Nasdaq Correction: What To Do When The Market Goes Down

US stocks continued to tumble last Friday (21 January), with the S&P 500 and Nasdaq posting their biggest weekly percentage drops since the start of the COVID-19 pandemic in March 2020. The S&P 500 is now down more than 8% from its record high in early January while the Nasdaq has officially entered correction territory with a 11% drop so far in 2022. (A market correction is traditionally identified as a drop of 10% or more from a recent high.)

What can you, as an investor, do when the market falls? Here are some tips to help you navigate the market sell-off.

What’s behind the Nasdaq correction

The Nasdaq has been the worst hit in this month’s stock market rout. As inflationary concerns mount, the Federal Reserve has signalled a more aggressive stance in taming inflation. 10-year Treasury yields hit as high as 1.9% last Wednesday amid speculation around the Fed’s timeline for unwinding its bond holdings and raising interest rates.

Rising yields have particularly affected tech and growth stocks – the main components of the Nasdaq. When interest rates are low, investors are willing to pay more for tech and growth companies on the assumption that earnings will be higher in the future. But higher rates lower the present value of these future cash flows, and make valuations look less attractive now.

Tech and growth companies are more sensitive to interest rates since they rely on future cash flow growth. With the market now expecting four rate hikes this year, sentiment has turned bearish.

Netflix’s disappointing fourth-quarter earnings report was yet another catalyst for Nasdaq’s slide. Shares of the company fell 21.8% last Friday, pushing the Nasdaq further into correction territory.

Sell-offs are normal

Although the current sell-off may feel nerve-wracking, market corrections are not as rare as you think. From time to time, it’s normal that stock prices will experience pullbacks due to negative economic developments, political shocks, disappointing corporate earnings reports, or other factors that affect investor sentiment.

The recent Nasdaq correction is its 66th since its launch in 1971. This means that a correction happens around 1.3 times each year on average. 

But what’s important is that stock prices don’t stay down after a correction. Historically, Nasdaq returns turn positive three months after it enters correction territory. Since 1971, the Nasdaq has risen 15% on average one year after bottoming.  

For long-term investors, the takeaway is that market pullbacks or corrections are a normal part of resetting stock valuations and investor expectations. Staying invested through periods of volatility is key to investment success.

For long-term investors, the recent sell-off may even be an opportunity to add selective exposures to your portfolios.

Reframe the correction as an opportunity

With many tech and growth stocks coming off from their recent highs, now could be a chance to invest in high-quality assets at more attractive prices – before they continue their upwards trajectory once again.

There’s a famous expression from the legendary Warren Buffet that says: “Be greedy when others are fearful, and fearful when others are greedy”. As other investors flee, his mantra suggests that a market decline could be a good time to cash in on lower equity prices.

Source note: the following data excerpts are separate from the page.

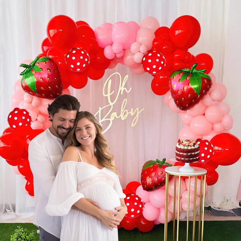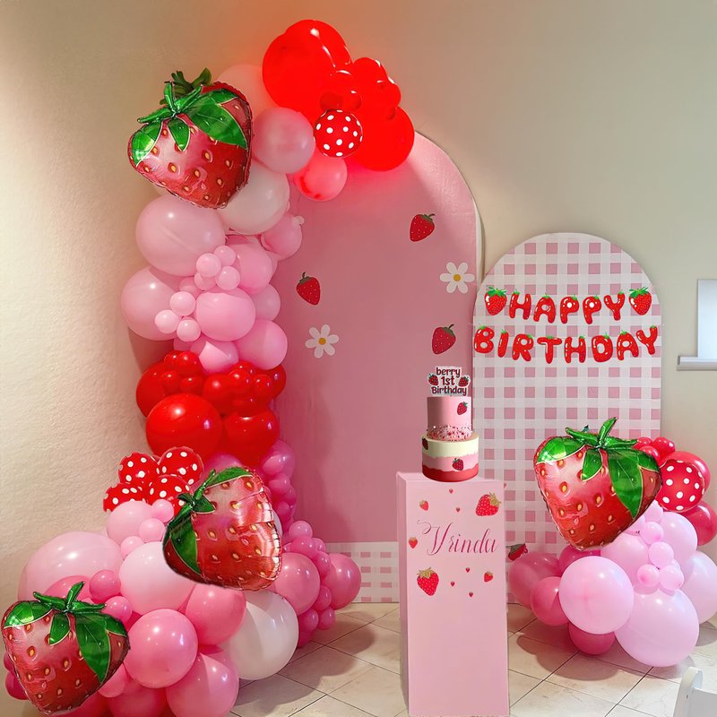 - [Sweet Strawbberry Party]: Juicy and beautiful strawberries have always been a popular fruit for everyone, and our sweet strawberry theme party will surely make everyone like it. Pink tones and strawberry foil balloons, these cute little items satisfies the girls' hearts very well. Create a unique and stylish ambiance indoors or outdoors. Delight in Cherished Memories with our Strawberry Balloon Arch Kit.
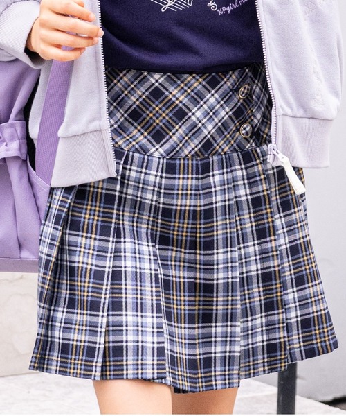ガーリーなトラッドテイストのチェックを使ったラップキュロットです。動きやすさはキュロットならではですが、プリーツの入った見た目は上品な着こなしにもぴったりです。後ろウェストはゴムになっているので、着脱もしやすい仕様です。
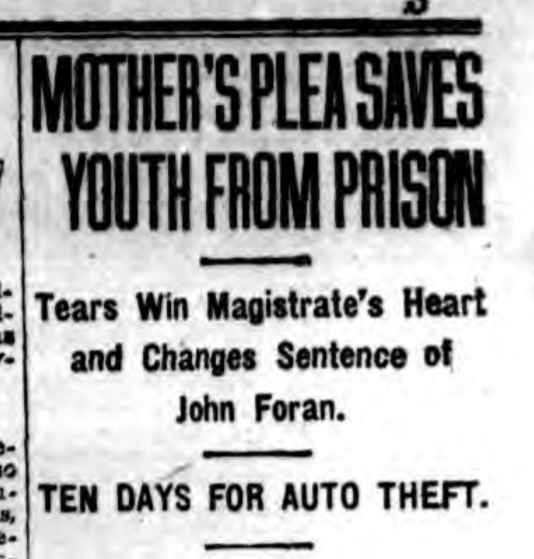 “Please give him another chance,” she begged the court, as the story was relayed by the Brooklyn Standard Union in 1922. “Can’t you give him a lighter punishment? I will do my best to get him work and see that he goes right.”
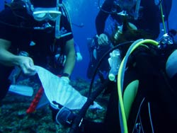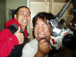 砂辺!!。はいワンタンでーーす。今回はOW講習を担当しました。スクール生はスギメさんのお友達黒田さん!二日間コースだったのでバシバシといきました(笑)。でもやっぱりそこは男の人根性と気合でついてきてくれました!しかもセンスがすごくいい!!一日目の講習でほとんどスキルを終わらしちゃいました!!二日目はほとんどフリー潜行の練習や、ホバーリングの練習に費やし、魚の写真を撮ったり、ナマコを・・・うふふ。シャコガイでも・・・・うふふ。次回は初のファンダイビング!楽しみに待ってますネーー☆☆。 |

As to what opportunities are available, consider long-term fundamentals. Tech stocks may not be in favour now, but think about the strong balance sheets and sustained growth potential of companies such as Apple, Microsoft, and Amazon. If you believe that over the next three to five years, such companies will continue to outperform, then short-term sell-offs may be an opportunity to buy quality investments at a discount.

Consider dollar cost averaging (DCA)

In a volatile market, it can be difficult to stick to your regular investment plan. One effective strategy to help you overcome your emotions is dollar cost averaging (DCA). By investing a consistent sum regularly – regardless of current market conditions – you eliminate the temptation to second-guess your investment strategy, or time the market.

This strategy can be as simple as investing say $1,000 every month in your Syfe Wealth portfolio. By investing at regular intervals, you can capitalise on lower prices now while avoiding the risk of buying all at once ahead of another market drop.